There will be three main types of study data: (1) chemical analyses of standard consumption units, (2) sales data, (3) survey responses of participants. For (1), we will adhere to the standard operating procedures issued by the BfArM ⁴². For (3), we will aim to carry out digital survey assessments to minimize human error in data entry. Further, consistency checks will be performed before data analyses.

Sample size and data analyses

The study outcomes will be analysed according to ‘Intention-to-treat’ (ITT) principles. Specifically, the sample to be analysed is defined as all users who have provided a usual consumption unit within 4 weeks after completing the baseline questionnaire. Over-recruitment will compensate for participants failing to provide a consumption unit within this period. According to ITT principles, only those participants who provided their baseline data, including their usual consumption unit, will be included in the analyses.
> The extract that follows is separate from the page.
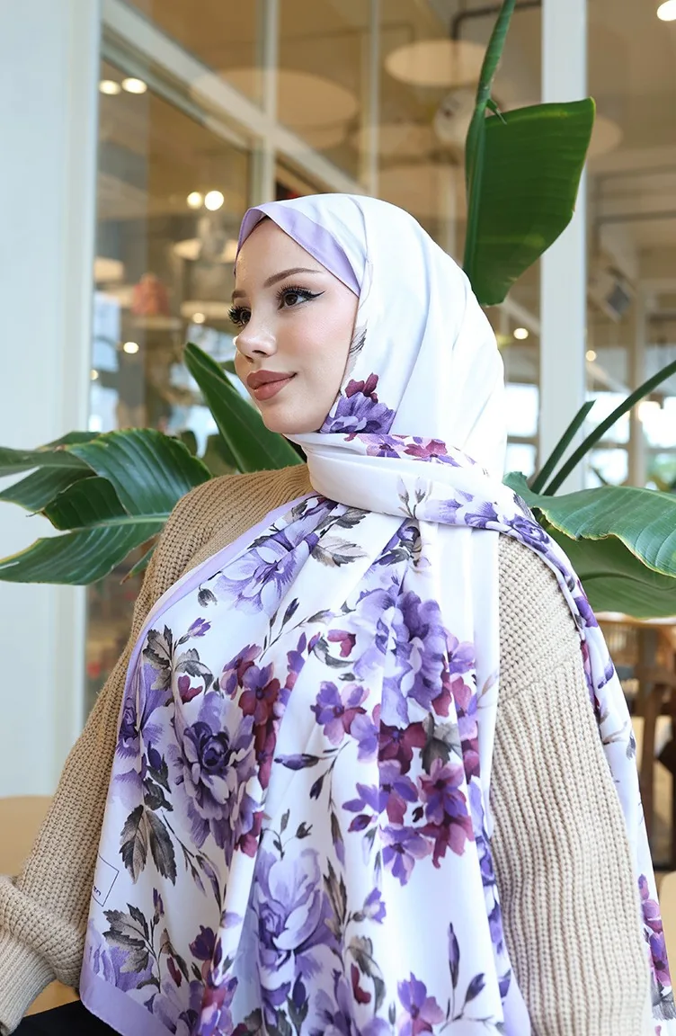 Çiçek Desenli Capri Şal 70349-03 Lila Ekru

To examine between-group differences with a t-test, the required sample size of this study was calculated assuming a power of 80%, a 5% alpha error, and a THC standard deviation equal to one-third of its mean (approximated using Canadian data, ⁴³; adding 25% to account for uncertainty). The required sample size was estimated to sum up to n=698 participants (control: n=349; intervention: n=349) for detecting group differences in THC exposure.
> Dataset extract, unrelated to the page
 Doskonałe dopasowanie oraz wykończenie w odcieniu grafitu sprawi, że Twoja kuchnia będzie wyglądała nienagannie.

Not relevant for sample size considerations, we expect that 20% (control: 30%; intervention: 10%) of all participants of the ITT sample will be lost to T12 follow-up. Subjects dropping out of the study will not be replaced and missing values will be imputed using the ‘Last Observation Carried Forward‘ (LOCF) technique. The critique regarding LOCF imputation methods ⁴⁴ does not apply to our study, as this method will bias the data towards the null hypothesis (assuming no change over time) and therefore representing a conservative imputation approach. The assumptions of LOCF will be examined in sensitivity analyses using advanced multiple imputation techniques.
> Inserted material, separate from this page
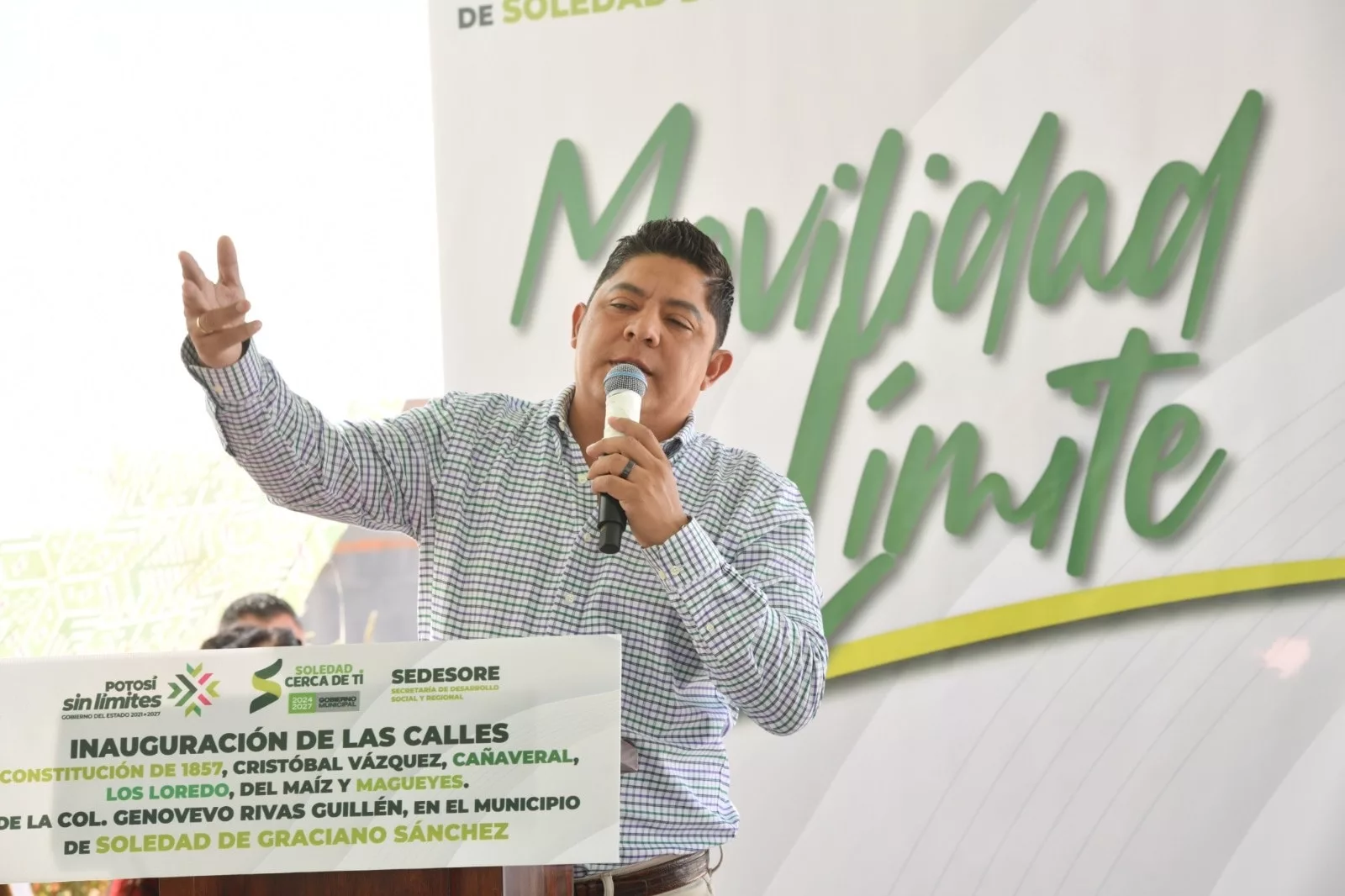 En un multitudinario evento, donde el sentir de gratitud y emoción de cientos de habitantes de Soledad de Graciano Sánchez, el Gobernador, Ricardo Gallardo Cardona, con el respaldo del Alcalde, Juan Manuel Navarro Muñiz, inauguró la modernización de las calles Constitución de 1857, Cristóbal Vázquez, Cañaveral, Los Loredo, Del Maíz y Magueyes en la colonia Genovevo Rivas Guillén Norte Quinto Plano, una obra realizada con los esfuerzos del Ayuntamiento y del Gobierno Estatal, representando una inversión superior a los 58 millones de pesos.

To evaluate both aspects of the primary outcome, two analyses need to be conducted. First, the THC exposure levels in the past 30 days ascribed to illegal cannabis acquisition within the intervention group needs to be compared between baseline and intervention, with a 50% reduction denoting the minimum threshold for a positive evaluation. Second, a between-group comparison of THC exposure in the past 30 days at T12 adjusting for baseline data will be conducted using a t-test. The dependent variable will be calculated as follows:

T H C_{T 12 - a d j u s t e d} = \frac{T H C_{T 12} * 100}{T H C_{T 0}}

The actual between-group comparison will be evaluated against the following condition:

T H C_{T 12 - a d j u s t e d - i n t e r v e n t i o n g r o u p} < = 0.9 * T H C_{T 12 - a d j u s t e d - c o n t r o l g r o u p}

Multilevel regression analyses will be performed additionally for evaluating the primary outcome, which serve to rule out the impact of possibly confounding variables. For evaluating the secondary outcomes, the proposed analyses (correction for baseline values, comparison via t-test, confirmation via multilevel regression analyses) will be performed analogously.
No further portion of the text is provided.